Pages

Thursday, November 25, 2021

A Flood-Evacuee and What God Knows

As I write this, my family is on day 11 of being evacuated from our community because of flooding. We were not in the flood’s path, but the damage done to the water and sewage infrastructure required evacuation of the whole town anyway. We are very thankful for how God has provided for us, but experiencing cabin-fever from being away from home. 

My testimony for almost three decades has been that God speaks to his children through his word in the most real and personal of ways no matter what we are going through. The stage that is set by this present experience may be unique for us, but hearing God speaking through his word in the midst of it is no longer anything new.

Yesterday morning I began my time with God by considering how his thoughts must be magnificently different from mine. Knowing that I rely on what is called slow-track thinking while being oblivious to what my fast-track thinking is telling me is humbling. So much to learn.[1] 

This settled into considering that God knows. I love meditating on this even though I know I don’t know how his thoughts work, or how communication of thoughts happens between the Triune. As G. Campbell Morgan once said, “Out of wonder worship is born.” I love watching what wonder does to my spontaneous worship of the Triune God. 

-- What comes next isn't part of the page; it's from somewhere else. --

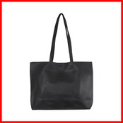 どんなシーンにも使える黒色無地のトートバッグです。PUレザーで柔らかく軽く、17インチのPCも入るぐらい大容量です。内側にはファスナーポケットが一か所あり鍵などの小物を入れるのに便利。マグネットで軽く閉められる仕様です。

With this setting the stage, I came back to the passage in John 13 about Jesus washing the disciples’ feet. I noticed that three times John tells us that Jesus knew something. 

1.     “when Jesus knew that his hour had come to depart out of this world to the Father” (vs 1)

2.    “Jesus, knowing that the Father had given all things into his hands, and that he had come from God and was going back to God,” (vs 3)

3.    “For he knew who was to betray him; that was why he said, ‘Not all of you are clean.’” (vs 11) 

The knowingness of Jesus is woven through the introduction to this evening in Jesus washing his disciples’ feet, but also through everything he taught that night, his high priestly prayer, the Garden of Gethsemane, and everything to do with his crucifixion. 

What stood out from all this was that Jesus acted out of what he knew. Everything he did that night was on the stage of what he knew. That needs a whole sermon in itself! However, I realized right away that we already do this as well, we act out of what know, which is often just what we think we know.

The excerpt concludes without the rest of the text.